Records from a data source
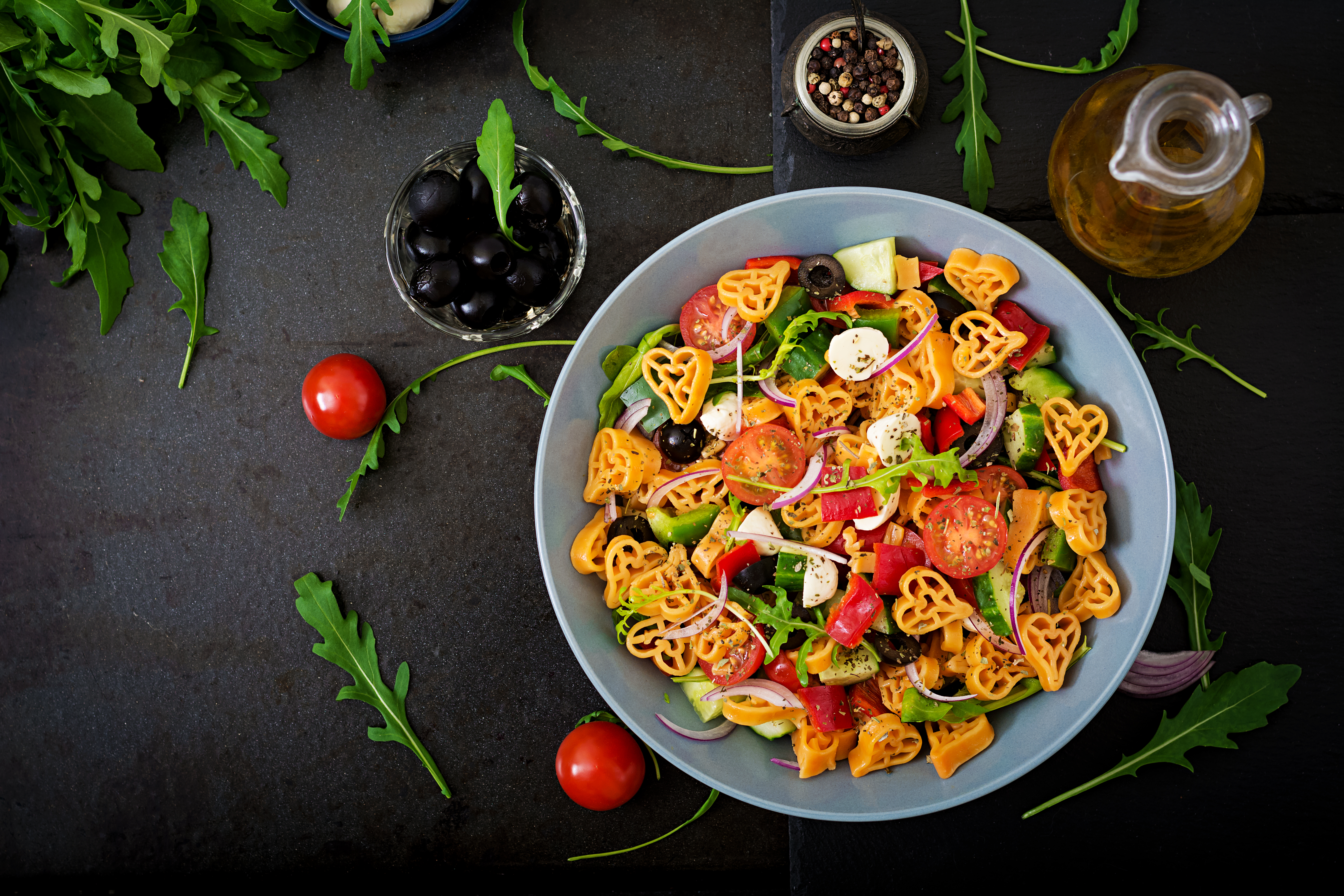 Овощное блюдо с макаронами в тарелке - 6000x4000
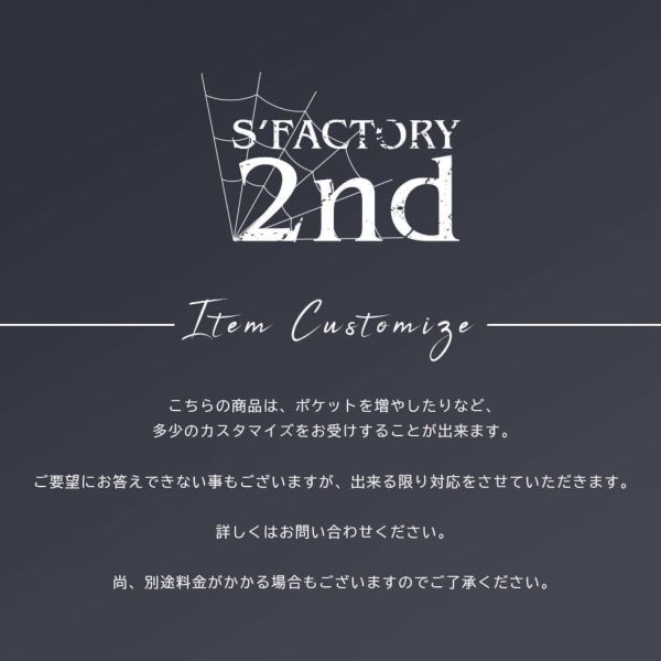 こちらの商品は、ポケットを増やしたりなど多少のカスタマイズをお受けすることが出来ます。
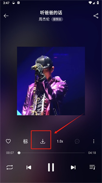 2、然后選擇想要下載的音樂,點擊進入播放頁面,點擊下載按鈕
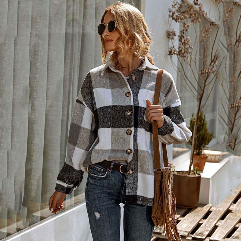 Cozy comfort gets an upgrade with this chic button front shacket. A structured shirt jacket with rustic plaid and elegant buttons down the front. A great piece that is retro and timeless.
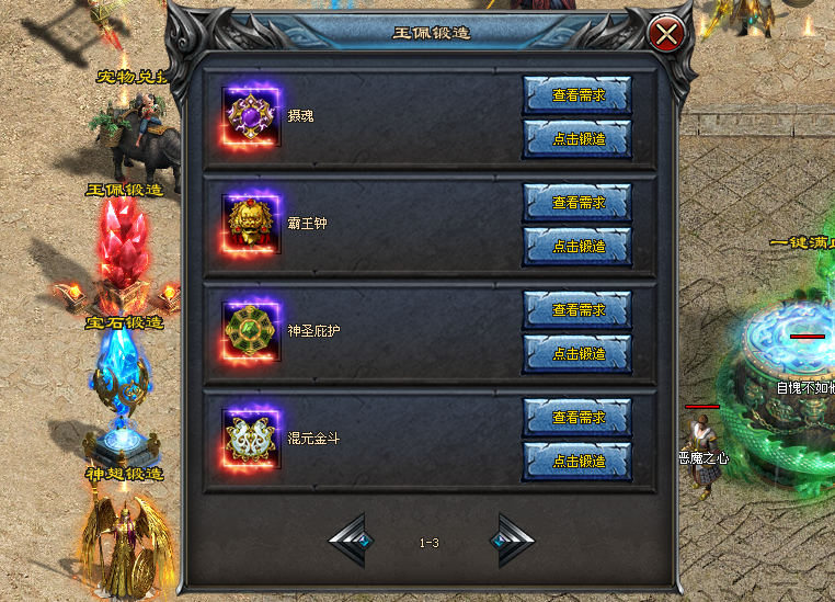 - 玉佩系统:通过永恒石与神器碎片打造高阶玉佩,强化防御、攻击与生命上限。
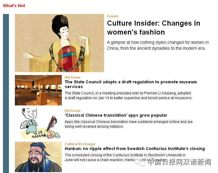 Chinaculture.org is the first English website dedicated to cultural exchange. It is also a platform to share the ministry’s policies and provide suggestions on international cultural exchanges. In 2014, the website was named the most international website among all Chinese government websites that publish in foreign languages.
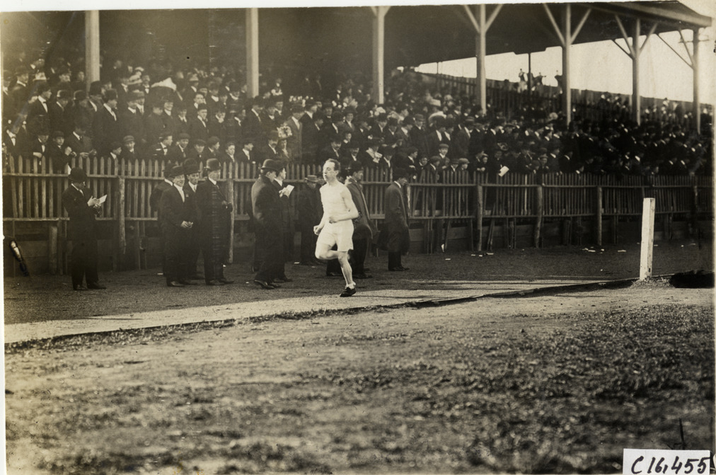 View of runner competing in race at track meet. Spectators in grandstand and officials standing in front of fence in background. Stamped on back: "Spooner & Wells, Inc., photographers, telephones 3472-3473 Columbus, 1931 Broadway, New York." Handwritten on back: "Sporting events--Track and field, 1909."
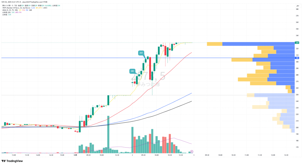 • 出来高の勢いを重視:300円直前で板が厚くても、出来高が伴って突破を狙う場面ではポジションを残す
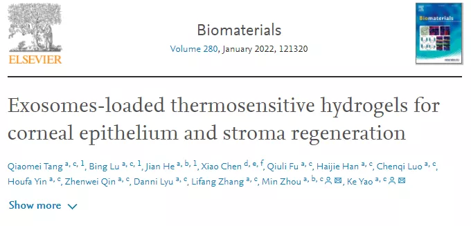 浙江大学眼科医院姚克教授、浙江大学转化医学院周民研究员等团队开发了一种新的方法,基于诱导多能干细胞衍生间充质干细胞(iPSC-MSCs)的外泌体,结合热敏水凝胶,用于治疗角膜创伤。研究发现,热敏壳聚糖水凝胶(CHI水凝胶)缓释iPSC-MSC外泌体可以有效地促进受损的角膜上皮和基质层修复,下调胶原蛋白在角膜基质的表达,减少疤痕的形成。该研究为目前临床角膜疾病提供新的治疗方式,具有极大的临床应用及转化可能。研究成果以“Exosomes-loaded thermosensitive hydrogels for corneal epithelium and stroma regeneration”为题发表于Biomaterials。
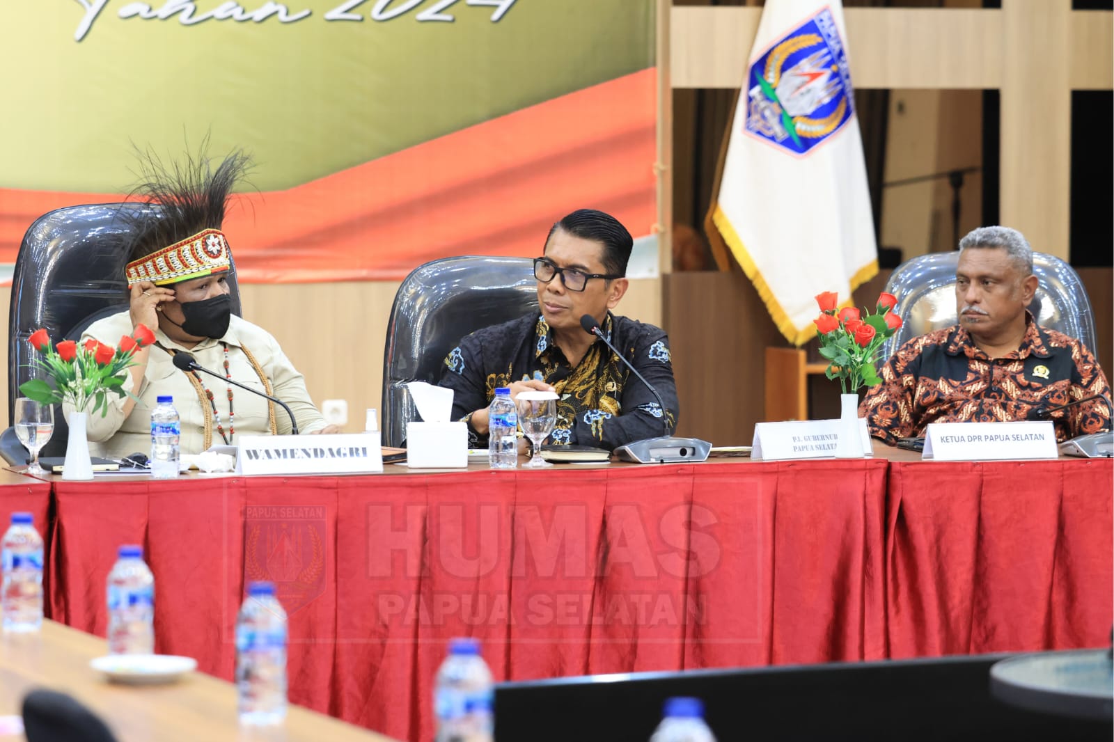 Saat tiba, Ribka Haluk memaparkan materi terkait persiapan Pilkada serentak 2024 dihadapan Bawaslu dan KPU beserta empat bupati yang hadir.
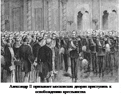 По возвращении из путешествия Александр включился в государственную деятельность. С 1839 года он присутствует на заседаниях Государственного совета, а с 1840-го - еще и на заседаниях Комитета министров. В 1841 - 1842 годах он уже был членом этих высших государственных учреждений. Наконец, в 1842 году по случаю двухмесячного отъезда Николая 1 из столицы, на Александра было возложено решение всех государственных дел. В последующие годы это стало правилом. В 1846 году Николай сделал сына председателем Секретного комитета по крестьянскому вопросу. Одновременно наследник исполнял военные должности. В 1844 году он получил полного генерала, в 1849 году сделался главным начальником военно-учебных заведений и принял командование над Гвардейским корпусом, а в 1852 году был произведен в главнокомандующие Гвардейским и Гренадерским корпусами. В 1850 году для ознакомления с военными действиями Александр поехал на Кавказ. В целом, как всегда, это была парадная поездка по гарнизонам. Только в Дагестане цесаревич стал свидетелем боевой схватки с чеченцами, он не утерпел и поскакал за цепь под огнем неприятеля. Император Николай при жизни полностью заслонял и подавлял своей личностью сына. Тот всегда оставался лишь послушным исполнителем воли своего родителя, но вот 18 февраля 1855 года Николай скоропостижно умер. Александр хорошо понимал, что сокрушительное поражение России в последней Крымской войне, падение Севастополя и последовавшая затем полная политическая изоляция России в Европе явились прямым следствием пагубной внутренней политики его отца. Первые годы своего царствования император пытался ликвидировать последствия Восточной войны и порядков николаевского времени. В отношении внешней политики Александр явился продолжателем политики Александра I и Николая I. Кроме того, на первом приеме дипломатического корпуса, государь заявил, что готов продолжать войну, если не достигнет почетного мира. Таким образом он продемонстрировал Европе, что, в этом плане, является продолжателем политики отца. Также и во внутренней политике у людей сложилось впечатление, что новый император продолжит дело своего отца. Однако на практике это оказалось не так:"повеяло мягкостью и терпимостью, характеристичными для темперамента нового монарха. Сняты были мелочные стеснения с печати; университеты вздохнули свободнее...",говорили, что "государь хочет правды, просвещения, честности и свободного голоса." В действительности, так оно и было, так как, наученный горьким опытом бессилия в Крымской войне, Александр потребовал "откровенного изложения всех недостатков".Некоторые историки полагают, что на первых порах программы вообще не было, так как трудности военного времени не давали ему сосредоточится на внутреннем благоустройстве страны. Только после окончания войны в манифесте 19 марта 1856 года Александр II сказал свою знаменитую фразу, которая стала лозунгом для России на долгие годы:"Да утверждается и совершенствуется сея внутреннее благоустройство; правда и милость да царствует в судах сея; да развивается повсюду и с новой силой стремление к просвещению и всякой полезной деятельности..." Отмена Крепостного права Крепостное право в России просуществовало гораздо дольше, чем в любой другой европейской стране и приняло такие формы, что мало чем отличалось от рабства. Од
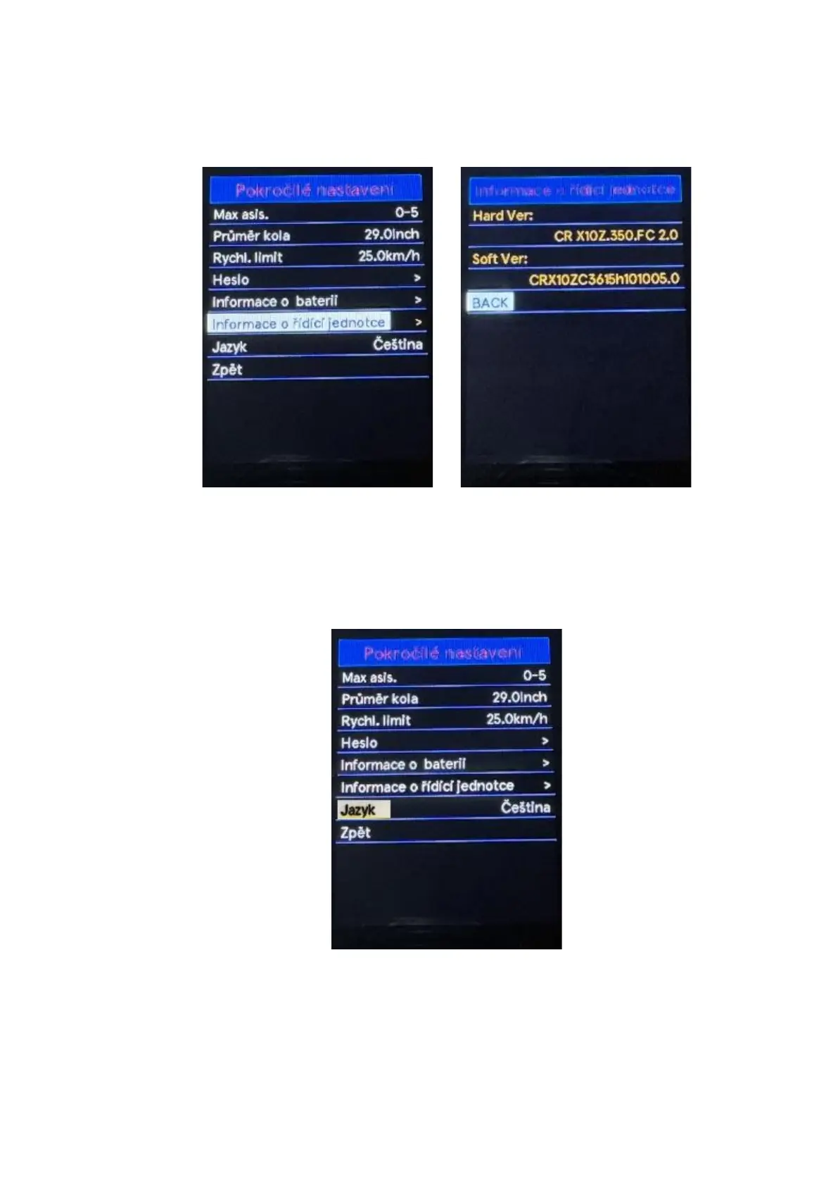 information about the control unit and software version will be displayed. To return to the main
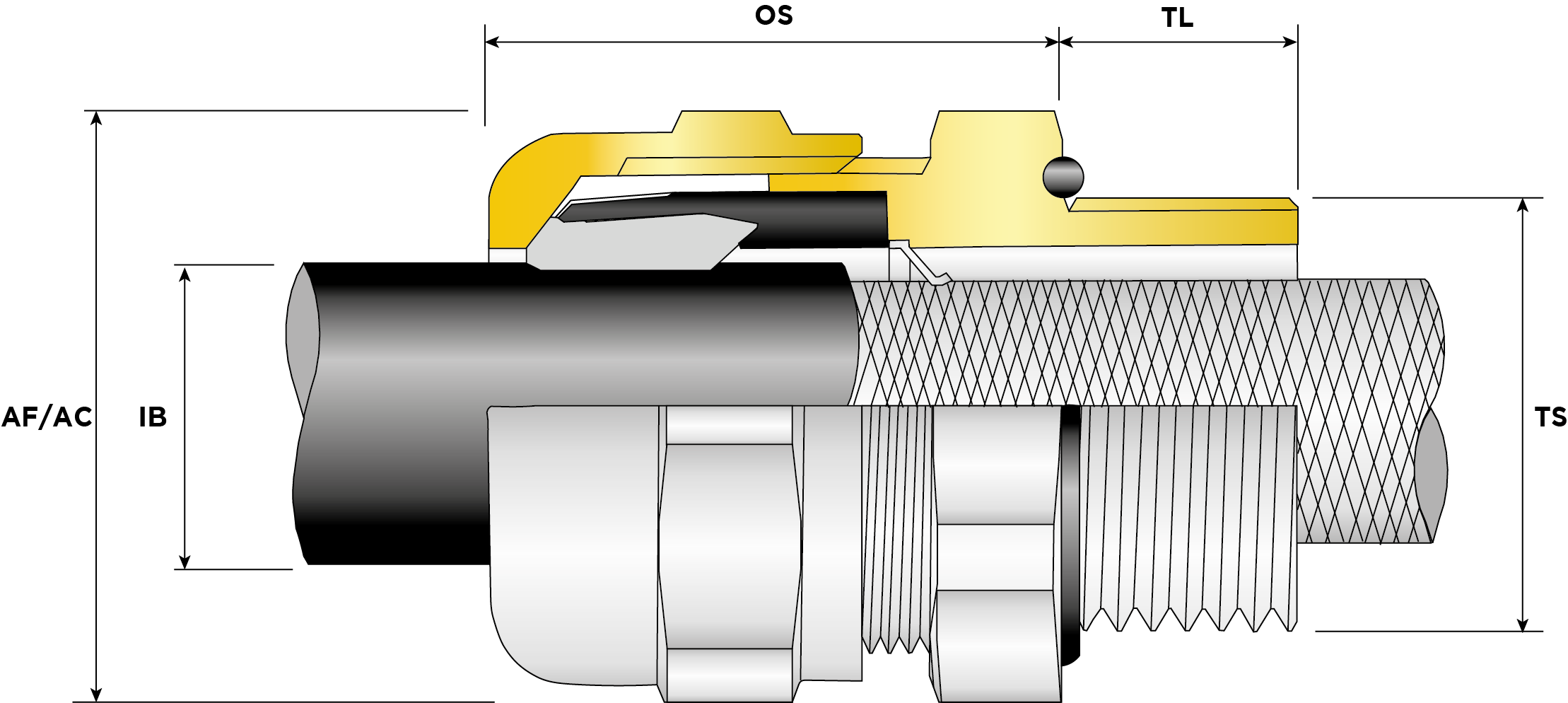 | Part Number | Size | Material | Entry Thread | Entry Thread Size TS | Entry Thread Pitch TP | Min Overall Cable Ø OS (mm) | Max Overall Cable Ø OS (mm) | Min Overall Cable Ø OS (Imp) | Max Overall Cable Ø OS (Imp) | Min Thread Length TL (mm) | Min Thread Length TL (Imp) | Max Across Flats AF (mm) | Max Across Corners AC (mm) | Max Across Flats AF (Imp) | Max Across Corners AC (Imp) | Max Protrusion Length PL (mm) | |

▶ [Your goal]
When you copy the data, keep every line exact and leave out each picture.

▶ [Answer space]
 Овощное блюдо с макаронами в тарелке - 6000x4000
 こちらの商品は、ポケットを増やしたりなど多少のカスタマイズをお受けすることが出来ます。
 2、然后選擇想要下載的音樂,點擊進入播放頁面,點擊下載按鈕
 Cozy comfort gets an upgrade with this chic button front shacket. A structured shirt jacket with rustic plaid and elegant buttons down the front. A great piece that is retro and timeless.
 - 玉佩系统:通过永恒石与神器碎片打造高阶玉佩,强化防御、攻击与生命上限。
 Chinaculture.org is the first English website dedicated to cultural exchange. It is also a platform to share the ministry’s policies and provide suggestions on international cultural exchanges. In 2014, the website was named the most international website among all Chinese government websites that publish in foreign languages.
 View of runner competing in race at track meet. Spectators in grandstand and officials standing in front of fence in background. Stamped on back: "Spooner & Wells, Inc., photographers, telephones 3472-3473 Columbus, 1931 Broadway, New York." Handwritten on back: "Sporting events--Track and field, 1909."
 • 出来高の勢いを重視:300円直前で板が厚くても、出来高が伴って突破を狙う場面ではポジションを残す
 浙江大学眼科医院姚克教授、浙江大学转化医学院周民研究员等团队开发了一种新的方法,基于诱导多能干细胞衍生间充质干细胞(iPSC-MSCs)的外泌体,结合热敏水凝胶,用于治疗角膜创伤。研究发现,热敏壳聚糖水凝胶(CHI水凝胶)缓释iPSC-MSC外泌体可以有效地促进受损的角膜上皮和基质层修复,下调胶原蛋白在角膜基质的表达,减少疤痕的形成。该研究为目前临床角膜疾病提供新的治疗方式,具有极大的临床应用及转化可能。研究成果以“Exosomes-loaded thermosensitive hydrogels for corneal epithelium and stroma regeneration”为题发表于Biomaterials。
 Saat tiba, Ribka Haluk memaparkan materi terkait persiapan Pilkada serentak 2024 dihadapan Bawaslu dan KPU beserta empat bupati yang hadir.
 По возвращении из путешествия Александр включился в государственную деятельность. С 1839 года он присутствует на заседаниях Государственного совета, а с 1840-го - еще и на заседаниях Комитета министров. В 1841 - 1842 годах он уже был членом этих высших государственных учреждений. Наконец, в 1842 году по случаю двухмесячного отъезда Николая 1 из столицы, на Александра было возложено решение всех государственных дел. В последующие годы это стало правилом. В 1846 году Николай сделал сына председателем Секретного комитета по крестьянскому вопросу. Одновременно наследник исполнял военные должности. В 1844 году он получил полного генерала, в 1849 году сделался главным начальником военно-учебных заведений и принял командование над Гвардейским корпусом, а в 1852 году был произведен в главнокомандующие Гвардейским и Гренадерским корпусами. В 1850 году для ознакомления с военными действиями Александр поехал на Кавказ. В целом, как всегда, это была парадная поездка по гарнизонам. Только в Дагестане цесаревич стал свидетелем боевой схватки с чеченцами, он не утерпел и поскакал за цепь под огнем неприятеля. Император Николай при жизни полностью заслонял и подавлял своей личностью сына. Тот всегда оставался лишь послушным исполнителем воли своего родителя, но вот 18 февраля 1855 года Николай скоропостижно умер. Александр хорошо понимал, что сокрушительное поражение России в последней Крымской войне, падение Севастополя и последовавшая затем полная политическая изоляция России в Европе явились прямым следствием пагубной внутренней политики его отца. Первые годы своего царствования император пытался ликвидировать последствия Восточной войны и порядков николаевского времени. В отношении внешней политики Александр явился продолжателем политики Александра I и Николая I. Кроме того, на первом приеме дипломатического корпуса, государь заявил, что готов продолжать войну, если не достигнет почетного мира. Таким образом он продемонстрировал Европе, что, в этом плане, является продолжателем политики отца. Также и во внутренней политике у людей сложилось впечатление, что новый император продолжит дело своего отца. Однако на практике это оказалось не так:"повеяло мягкостью и терпимостью, характеристичными для темперамента нового монарха. Сняты были мелочные стеснения с печати; университеты вздохнули свободнее...",говорили, что "государь хочет правды, просвещения, честности и свободного голоса." В действительности, так оно и было, так как, наученный горьким опытом бессилия в Крымской войне, Александр потребовал "откровенного изложения всех недостатков".Некоторые историки полагают, что на первых порах программы вообще не было, так как трудности военного времени не давали ему сосредоточится на внутреннем благоустройстве страны. Только после окончания войны в манифесте 19 марта 1856 года Александр II сказал свою знаменитую фразу, которая стала лозунгом для России на долгие годы:"Да утверждается и совершенствуется сея внутреннее благоустройство; правда и милость да царствует в судах сея; да развивается повсюду и с новой силой стремление к просвещению и всякой полезной деятельности..." Отмена Крепостного права Крепостное право в России просуществовало гораздо дольше, чем в любой другой европейской стране и приняло такие формы, что мало чем отличалось от рабства. Од
 information about the control unit and software version will be displayed. To return to the main
 | Part Number | Size | Material | Entry Thread | Entry Thread Size TS | Entry Thread Pitch TP | Min Overall Cable Ø OS (mm) | Max Overall Cable Ø OS (mm) | Min Overall Cable Ø OS (Imp) | Max Overall Cable Ø OS (Imp) | Min Thread Length TL (mm) | Min Thread Length TL (Imp) | Max Across Flats AF (mm) | Max Across Corners AC (mm) | Max Across Flats AF (Imp) | Max Across Corners AC (Imp) | Max Protrusion Length PL (mm) | |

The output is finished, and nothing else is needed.